As he told me excitedly he’d been given a permanent position at one of Australia’s best-paying mines, I knew it was a dream come true for him. He’d been talking about this moment for years.
“Our money worries are over,” he said, excitedly.
“Yeh I guess so,” I replied, a sinking feeling forming in the pit of my stomach.
“It’s just that I was hoping you’d get a shorter roster. Two weeks away is a long time.”
Our first baby was just three months old.
“Just for a year,” he said. “Just to get my foot in the door. Then I can look around for something better.”
“Ok” I said. One year. It’s nothing.
Sure, in the beginning, it was exciting. When he was gone I would shop to fill the time. We moved to Perth from Cairns and rented a large, new home at a ridiculous price. We had a holiday in Bali. Bought a $3,000 fridge freezer. Ate out at expensive eateries. But it didn’t take long for cracks to show.
I had no family around for support and new in town, I knew no one.
Two weeks dragged. I was exhausted looking after a baby 24/7 with no help and the days were long and boring with no one to talk to.
I would count down the time until John walked back through the door but when he did he was exhausted. Seven day shifts and then seven night shifts. 12 hours at a time. It took him two days to recover enough to have a proper conversation. He’d been away for two weeks so he didn’t want to leave the house and as far as the baby was concerned, he was practically a stranger.

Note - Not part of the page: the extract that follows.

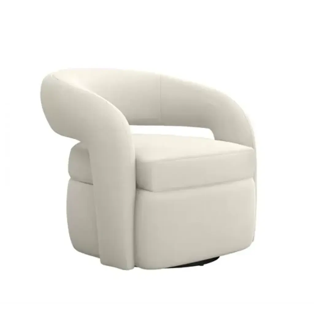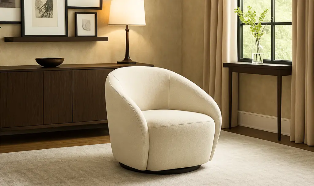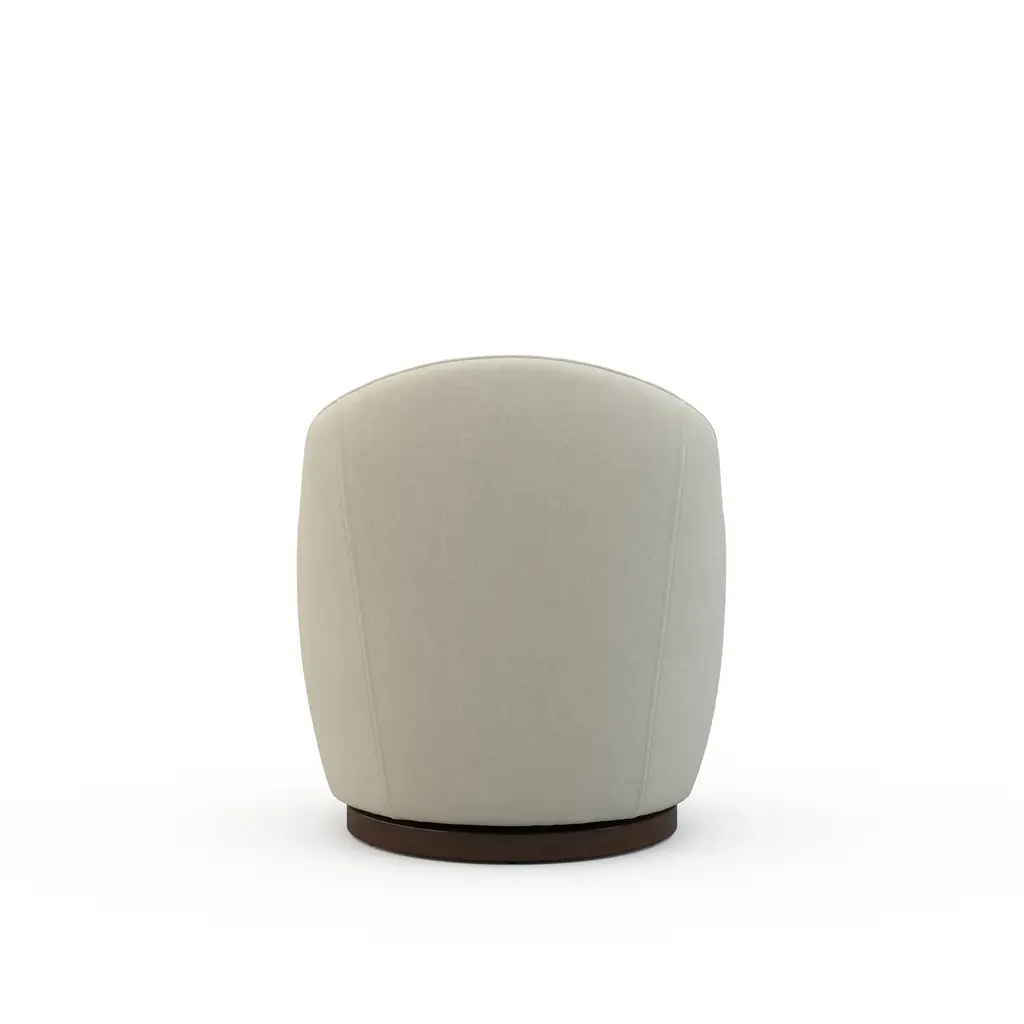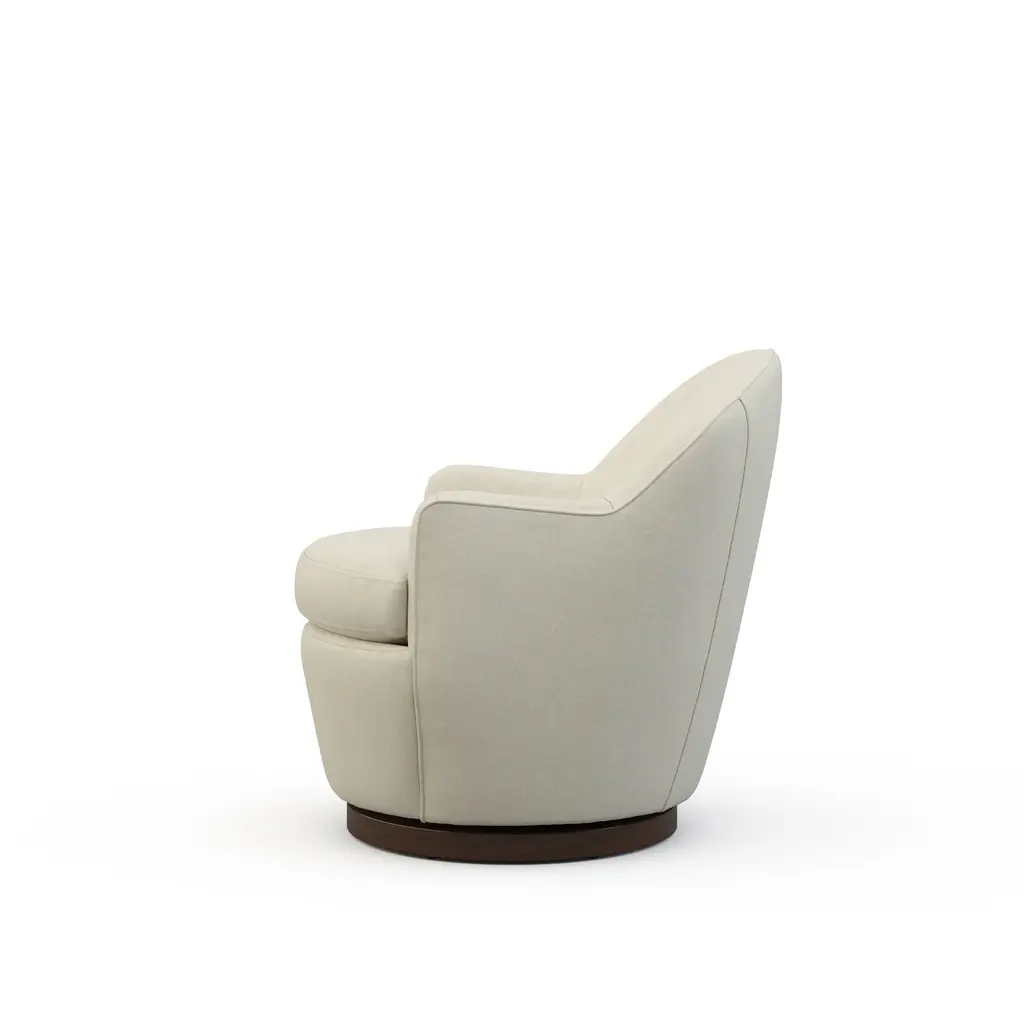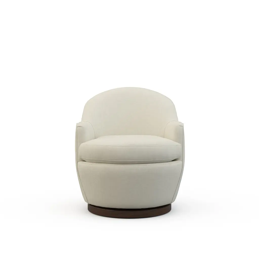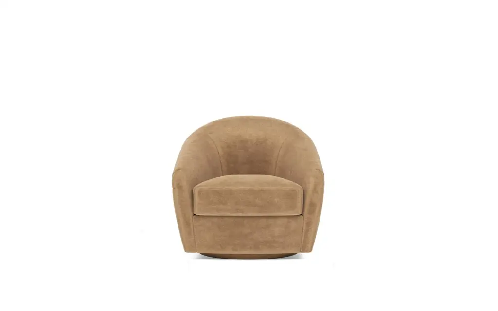 With a striking oval silhouette, the Millie Swivel Chair features a fully upholstered frame and removable cushion with a warm wooden swivel base. The slim profile of this chair pairs with the swivel base to make it a convenient addition to any small space. Ships In 8-10 Weeks One loose seat cushion Swivel wood base As Shown Fabric: Rayburn Oatmeal As Shown Finish: Modern Elm If you choose to purchase COM, once you have placed your order a customer service rep will contact you regarding where to send your fabric. Please note that current lead time is 8-10 weeks once your fabric arrives at the factory, and if unused fabric is under 1.5 yards, it cannot be sent back to you.This product can be special ordered in additional fabrics, leathers, finishes, and cushion fillings. Click here to email us for for additional information about special ordering.This image is for illustrative purposes only. The colors shown are accurate within the constraints of lighting, photography, and the color accuracy of your screen.

Routines had changed, he had lost the momentum of parenthood and forgotten the rituals. He stepped back and I picked up the slack.
It didn’t take long for resentment to kick in.
“I’m not sure I can do this John,” I said to him, on many, many occasions.
“Can’t you look for a shorter roster now, so that you’re home more?”
“I’m doing this for us,” came the reply, over and over. “So that we can have a future.”
“I don’t care about the money,” I said. “I never have. I just want you home. I can’t live like this.”
A year came and went and nothing changed. Holidays were rare – 50 men in one section and only four could take a holiday at one time. For two years John didn’t have a break.
Our relationship started to deteriorate.
I wanted him to leave the job but he was hooked on the money. It didn’t matter how much he spent – more was coming in. Thousands every fortnight – and so the credit cards started, car loans and finally a massive mortgage. Now he couldn’t leave, even if he wanted to.
Two years into the job and the mood swings started. He was drinking more. Acting aggressively. Short tempered and nasty. It went on for months. We were all so miserable and I was ready to leave.
We never saw him anyway, what was the difference?
LISTEN: Osher Gunsberg speaks about how to start a conversation with your partner about depression. Post continues after audio.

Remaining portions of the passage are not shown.